[Data for this task]:
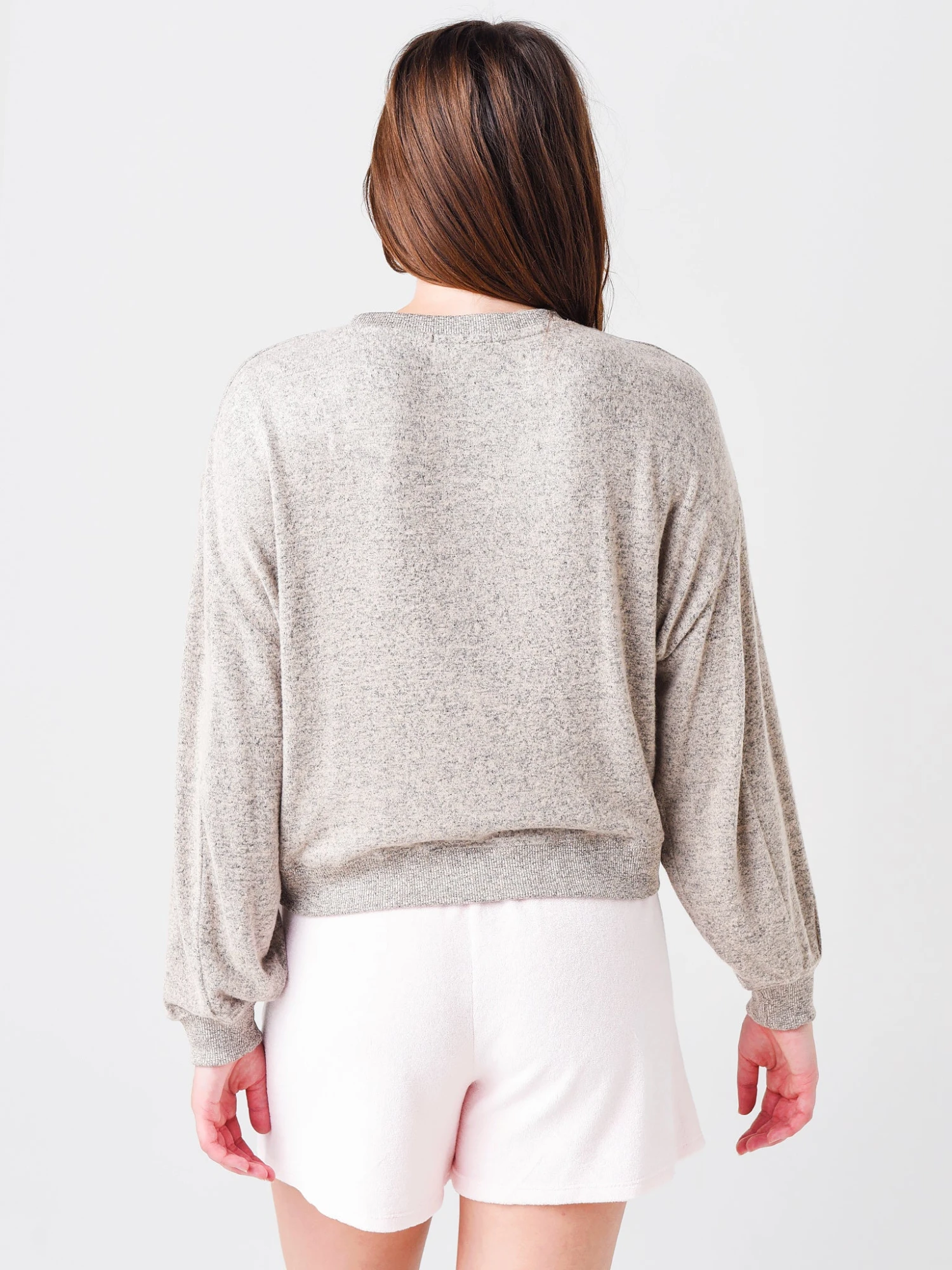 FEATURES:Pullover TopCrew NecklineRibbed Neckline, Cuffs, and HemsBrushed Sweater Knit Fabrication76% Rayon, 19% Polyester, 5% SpandexRelaxed FitModel is wearing size Small top.Model’s Measurements: Height: 5’11” | Bust: 32A | Waist: 26.5″ | Hips: 36″ | Dress Size: 2-4 (US)
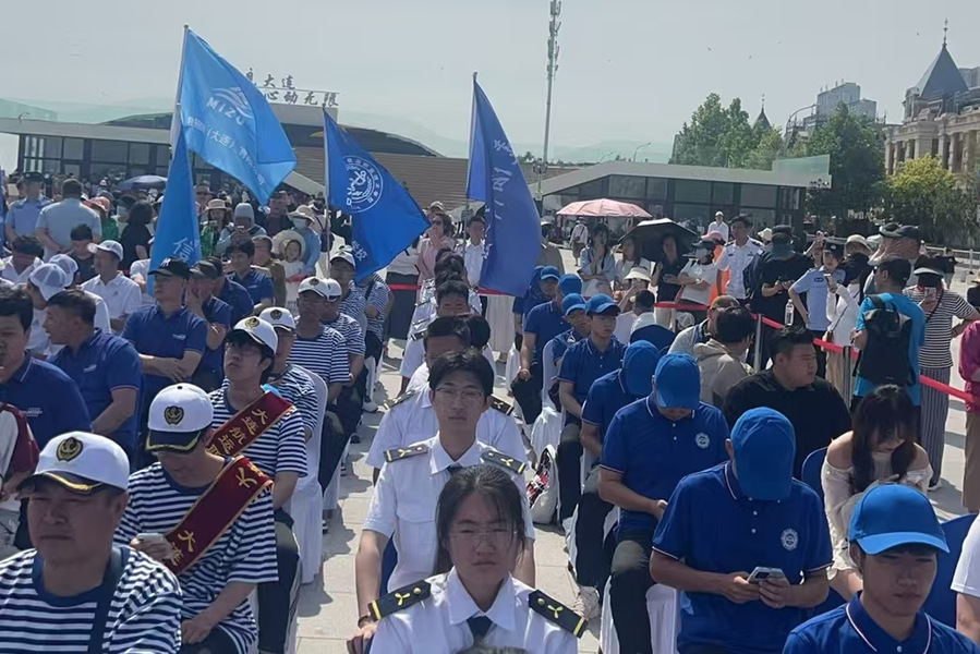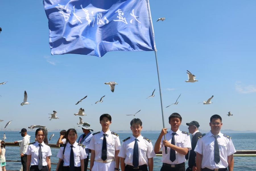 6月 21日,由辽宁海事局主办的“大爱海员 连通世界”2025海员文化活动周启动仪式,在东港商务区港东五街爱墙广场隆重举行。麻豆传媒 党委副书记陈禹娜带领学生代表,携手大连华洋海事有限公司经理张伟一行共同参与此次盛会,共促海员文化传承与航海事业发展。
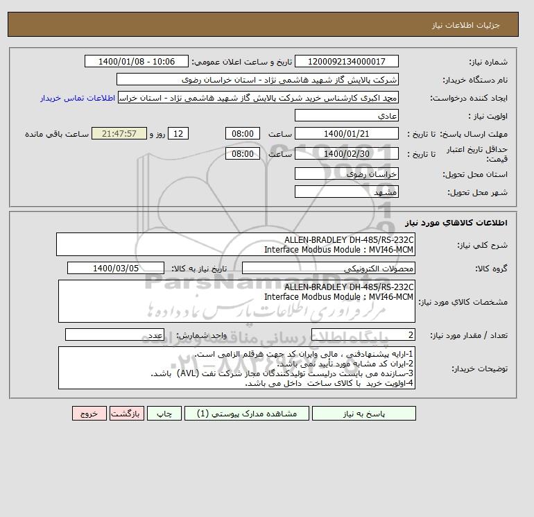 شرح کلی نیاز: ALLEN-BRADLEY DH-485/RS-232C Interface Modbus Module : MVI46-MCM
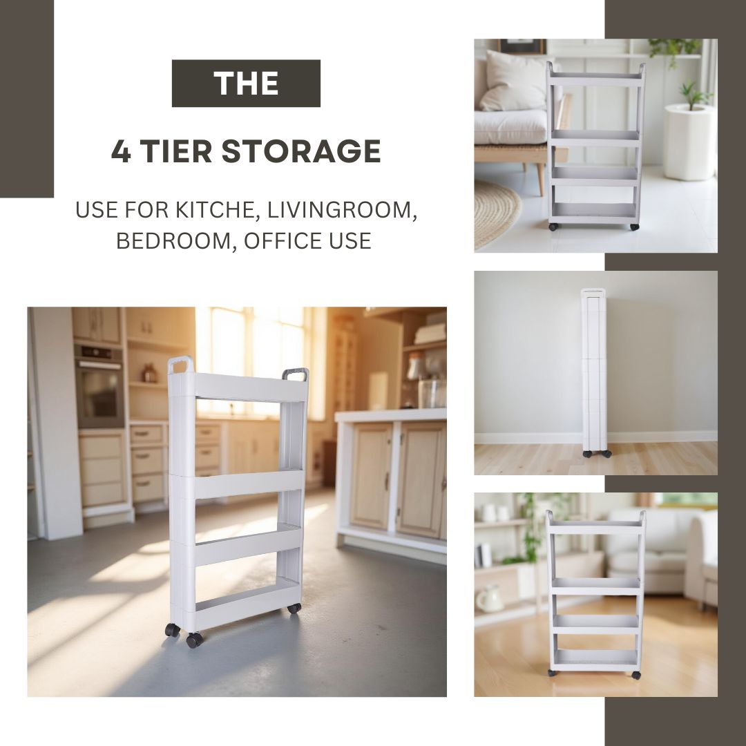 4-Tier Storage with Ample Space: Designed with four spacious shelves, this rack provides generous storage for a wide variety of items. Perfect for organizing kitchen essentials like spice jars, oil bottles, and snacks; bathroom toiletries such as shampoo, towels, and cleaning supplies; or office items including files, stationery, and craft materials. Ideal for keeping your space tidy and clutter-free in any room.
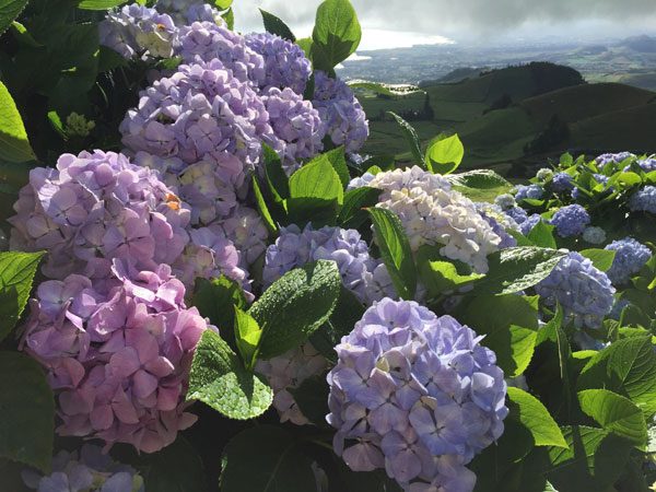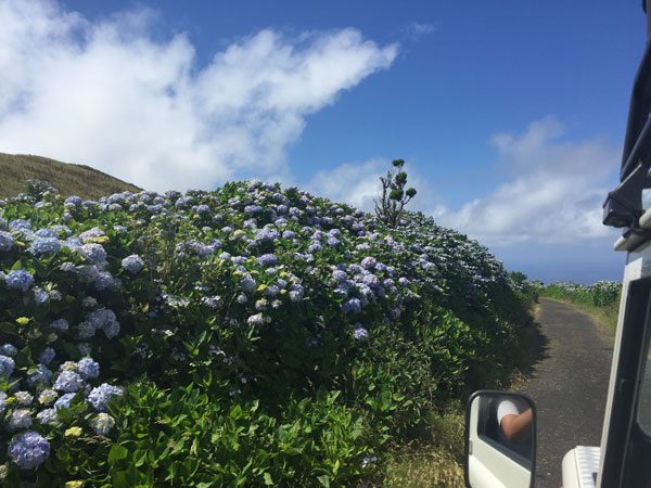 Noch ganz berauscht stiegen wir mittags in zwei Jeeps und fuhren hoch zur Caldeira, dem Riesenkrater im Landesinnern. Wir lernten, dass „Flamengos“ nichts mit Flamingos zu tun hatte, sondern eine der ersten Siedlungen der Flamen im 15. Jahrhundert auf der Insel war. Verzaubert waren wir vom Anblick der riesigen überwiegend blauen Hortensienhecken, die die Straßen und Weiden umgaben. Nicht umsonst wird die Insel zur Hortensienblüte im Sommer auch liebevoll die „Ilha azul“, die blaue Insel genannt. Sogar unsere Biologin hatte so etwas noch nie gesehen, wir konnten uns nicht sattsehen an dieser Farbenpracht. Mich begeisterten insbesondere die intensiven Farben und Kontraste der Vulkanhügel, der Hortensienblüten und der satten grünen Weiden.
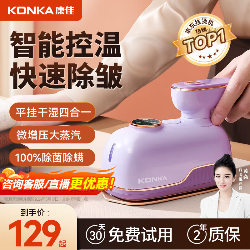 康佳小海豚挂烫机手持家用熨烫机小型蒸气电熨斗便携杀菌除螨电烫斗旅行熨衣机2024新款-A 【微增压防滴水23g/min大蒸汽】香芋紫
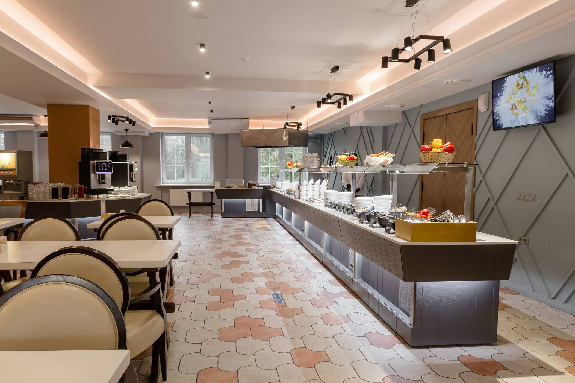 Ресторан Forest, расположенный на втором этаже ресторанного комплекса отеля «Фореста Фестиваль Парк», работает по системе «шведский стол»: завтрак — с 08:30 до 11:00, обед — с 13:00 до 15:00, ужин — с 18:00 до 20:30. В течение дня, с 08:30 до 21:30 (в выходные — до 01:00), гостям также доступен заказ блюд à la carte.
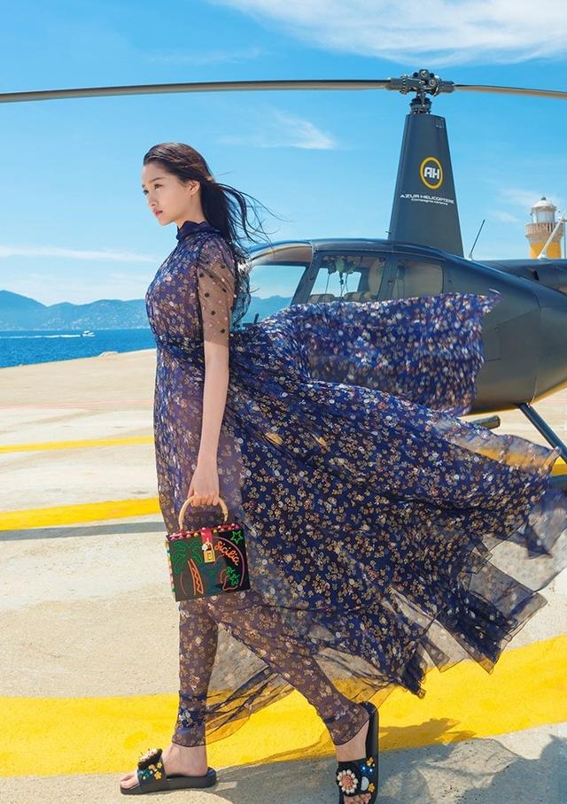 而就算不是小白鞋的青春搭配,也不是小皮鞋的可爱路线,关晓彤穿一双拖鞋拍写真也是许多女星不敢想的。这整个下半身的搭配也真的是单单靠腿给硬撑过来的。
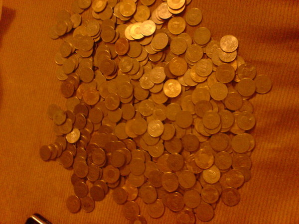 拿起我的豬撲滿把錢全部倒出來(裡面都是10跟50的)
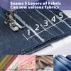 Costura de Agulha Dupla Aprimorada: Esta máquina de costura pode ser configurada para o modo de costura com agulha dupla ou costura com agulha única. Você pode alternar entre os dois modos de costura conforme necessário. A costura de linha dupla permite usar as linhas superior e inferior simultaneamente, tornando a linha de costura mais forte, mais esteticamente agradável, mais rápida e mais eficiente. 12 pontos e costura reversa : Existem 12 modos de costura incluindo costura reta, costura Z, costura decorativa, costura de casa de botão e costura invisível.. Equipado com função de costura reversa, selecionar o modo de costura reversa acionará a costura reversa. Os números dos botões correspondem a diferentes padrões de costura, e o corpo é equipado com iluminação LED, tornando-o fácil de operar e muito adequado para iniciantes e todas as faixas etárias. [Movimento automático e design cantilever]: Esta máquina de costura foi aprimorada para ter uma função de bobinagem automática mais suave, de modo que a máquina não enganche a agulha ou quebre a linha devido a nós durante o processo de costura.. O design cantilever desta máquina facilita a costura de punhos, golas, pernas de calças e roupas infantis. Alta qualidade : Cada uma de nossas máquinas de costura é feita de carcaça de material PP espessado de alta qualidade, descartando plástico fino inferior.. As conexões pré-costura e as ferramentas de costura do corpo da máquina são feitas de material de aço inoxidável duro especialmente fabricado, que é requintado, de alta qualidade e pode ser usado por muito tempo sem ser facilmente danificado. Máquina de Costura Portátil: Com uma estrutura compacta, não ocupa muito espaço e pode ser colocada em qualquer lugar. É muito leve, fácil de transportar e pode atender às suas necessidades diárias e básicas de costura a qualquer hora e em qualquer lugar.
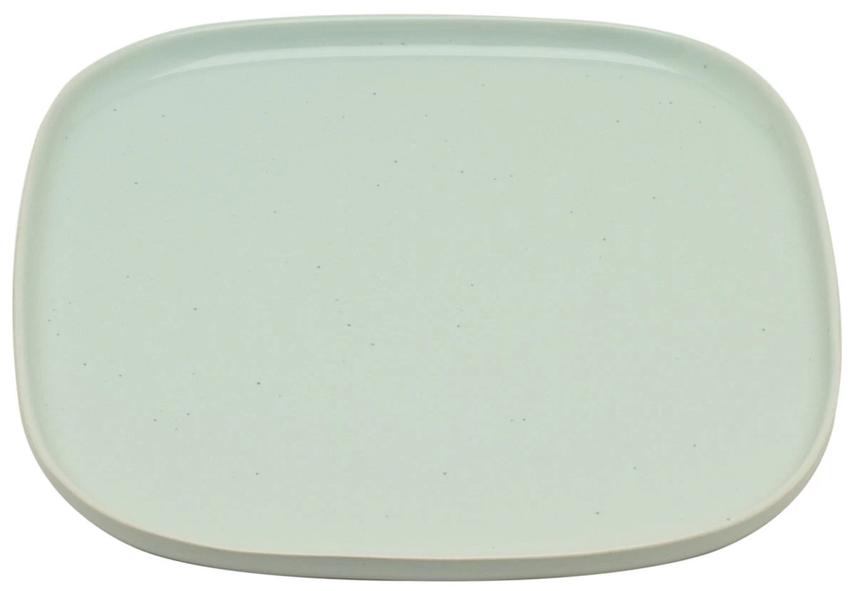 Het vierkante Serax Terres de Rêves bord heeft een lengte en breedte van 25,5 cm en een hoogte van 1,5 cm. Het van stoneware gemaakte bord is geglazuurd met lichtblauw email.
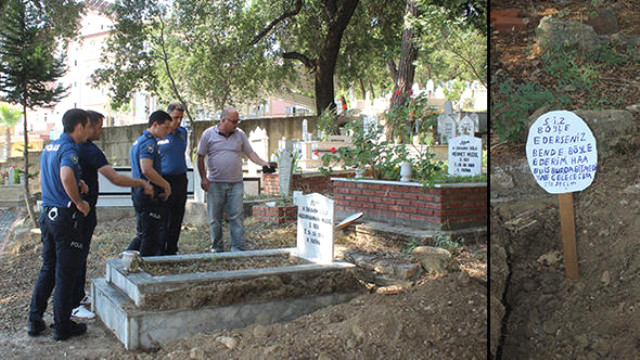 Yeğeni A.M.’ye ait mezarı ziyaret ettiği esnada dayısının mezarının yanına yeni bir mezar yapıldığını, iki mezar arasında mesafe olmadığını gördüğünü söyleyen R.İ. ifadesinde bunun üzerine kürek ile iki mezar arasına toprağı attığını ve mesafe açtığını, mezar taşını kırdığını ve “Siz böyle ederseniz ben de böyle ederim haa. Bu iş burada bitmedi. Yine geleceğim, siz seçin” yazısının bulunduğu tabelayı iki mezar arasına diktiğini söyledi. Şüpheli R.İ. hakkında Cumhuriyet Savcısının talimatı doğrultusunda adli tahkikat başlatıldı.
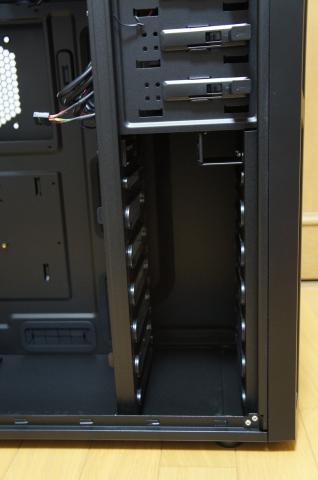ケース内部です。ケーブルの取り回しをしやすくするために、多くのサービルホールを設けいています。

[Directions for this task]:
Pictures excluded, reproduce only the part above that opens with the line holding "康佳小海豚挂烫机手持家用熨烫" and closes with the line holding "拿起我的豬撲滿把錢全部倒出來(裡面都是10跟50的)", exactly as written.

[Output for this task]:
 康佳小海豚挂烫机手持家用熨烫机小型蒸气电熨斗便携杀菌除螨电烫斗旅行熨衣机2024新款-A 【微增压防滴水23g/min大蒸汽】香芋紫
 Ресторан Forest, расположенный на втором этаже ресторанного комплекса отеля «Фореста Фестиваль Парк», работает по системе «шведский стол»: завтрак — с 08:30 до 11:00, обед — с 13:00 до 15:00, ужин — с 18:00 до 20:30. В течение дня, с 08:30 до 21:30 (в выходные — до 01:00), гостям также доступен заказ блюд à la carte.
 而就算不是小白鞋的青春搭配,也不是小皮鞋的可爱路线,关晓彤穿一双拖鞋拍写真也是许多女星不敢想的。这整个下半身的搭配也真的是单单靠腿给硬撑过来的。
 拿起我的豬撲滿把錢全部倒出來(裡面都是10跟50的)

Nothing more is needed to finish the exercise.